- Operated: 1946–2019
- Location: 701 33rd Avenue North; St. Cloud, Minnesota, United States;
- Coordinates: 45°33′51″N 94°12′0″W﻿ / ﻿45.56417°N 94.20000°W
- Industry: Home appliances
- Products: chest freezers; upright freezers;
- Employees: 900 (2018)
- Area: 50 acres (20 ha)
- Volume: 920,000 square feet (85,000 m^{2})
- Owner: Electrolux

= Frigidaire St. Cloud plant =

American Frigidaire company

Frigidaire St. Cloud plant was a Frigidaire appliance manufacturing plant in St. Cloud, Minnesota, owned by Electrolux. The facility was closed in 2019.

==History==

===Early years and growth===
The plant was originally opened in November 1946 by Franklin Transformer Company (later becoming part of Franklin Manufacturing) as a small, 75,000-square-foot shop with just 20 employees making battery chargers and deep-freeze units. In 1947, it employed 385 workers and invested $200,000 to double working space.

In June 1955, the facility incorporated as Franklin Manufacturing Company, employing approximately 1,175 workers to produce chest freezers, upright freezers, refrigerators, and dryers across more than 500,000 square feet of workspace. In 1962, the facility, along with the company, was sold by the Pugh family to the Studebaker Corporation, and produced private-name appliances like colorful freezers and refrigerators. In 1967, Franklin Manufacturing was acquired by White Consolidated Industries.

In 1979, WCI acquired the Frigidaire division from General Motors, which boosted operations across its appliance manufacturing footprint. The following year in July 1980, robotics were introduced to handle tasks like painting freezer liners at the St. Cloud facility. In 1986, WCI, including its St. Cloud plant, was acquired by Electrolux.

In October 1992, the plant temporarily laid off 130 workers through the end of the year to adjust production for new federal energy efficiency regulations, with plans to rehire them. By 1994, the facility employees 1,600 workers at its peak, manufacturing approximately 65 percent of all freezers purchased in the U.S., reaching roughly 75 percent of U.S. freezers by 1998.

===Decline===
In November 2000, over 1,600 workers represented by the Machinists Union went on strike over health benefits and medical premium freezes. In 2003, the plant voluntarily resolved a discrimination complaint brought by 165 Muslim employees regarding religious accommodations for prayer breaks. In November 2004, Electrolux moved production of a compact chest freezer from its manufacturing plant in St. Cloud, Minnesota, to China; at the time, the plant has 1,700 workers to produce upright and chest freezers.

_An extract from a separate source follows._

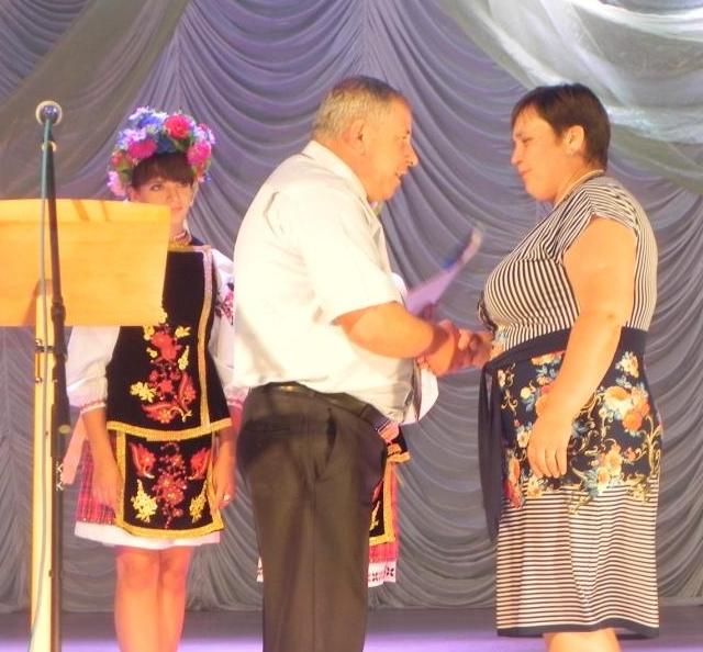 За вагомий особистий внесок у вихованні дітей у сім’ї , створення сприятливих умов для здобуття дітьми освіти, розвитку їх творчих здібностей, формування високих духовних і моральних якостей керівник району Кучер О. Б. вручив посвідчення та нагрудні знаки про почесне звання мати-героїня):
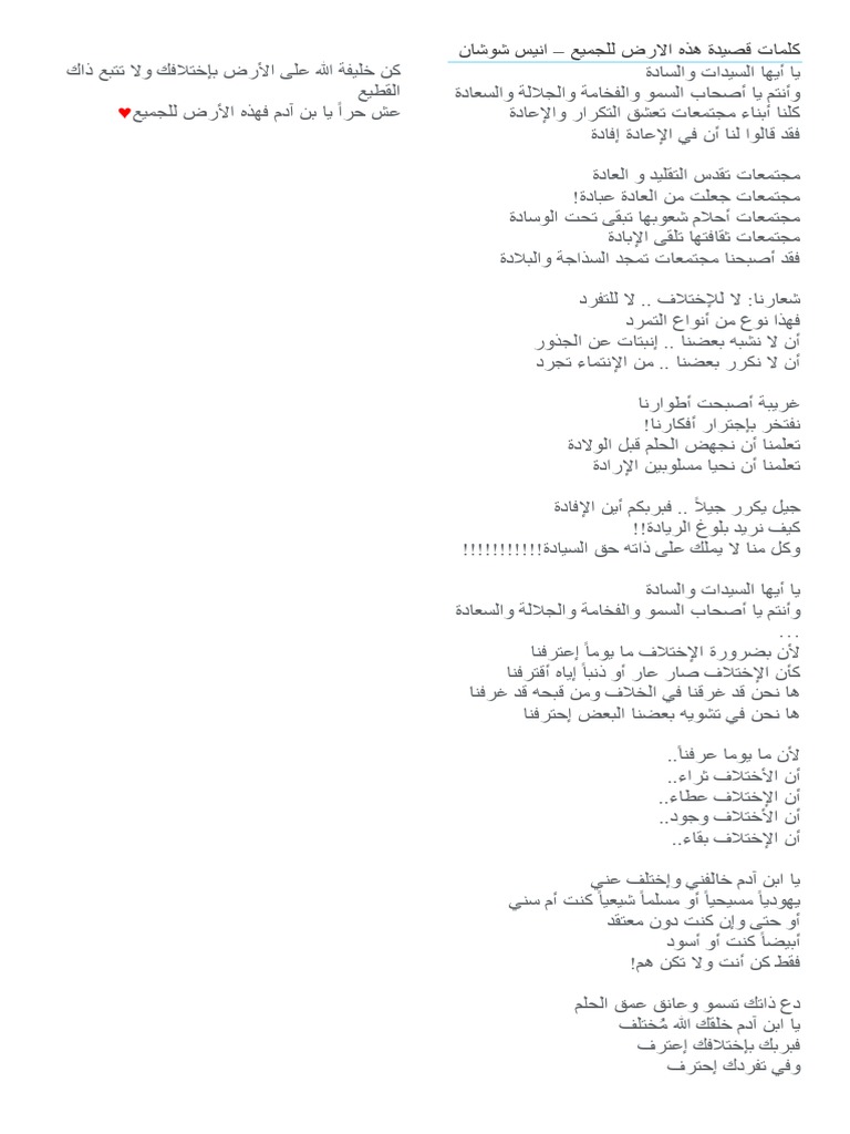 كلمات قصيدة هذه الارض للجميع

The U.S. Equal Employment Opportunity Commission (EEOC) settled a lawsuit in November 2008 requiring a Minnesota chicken processor to pay $215,000 to Somali Muslim workers fired for taking prayer breaks. In 2010, the plant faced a dispute regarding religious accommodations. Rather than forcing employees, the plant faced complaints and an Equal Employment Opportunity Commission (EEOC) filing over break schedules during Ramadan.

In 2015, Electrolux stopped producing small chest freezers in St. Cloud, and in the following year, production of large chest freezers was also stopped at the facility.

===Closure and sale to Phoenix Investors===
In January 2018, Electrolux announced that it will close the St. Cloud, Minnesota, manufacturing plant by 2019, and lay off approximately 900 employees at the plant, shifting upright freezer production to a facility in Anderson, South Carolina. The plant closed in November 2019, idling the final group of roughly 700 to 900 employees represented by IAM Local 623.

On October 3, 2023, the facility was sold to Phoenix Investors, a Milwaukee-based real estate firm.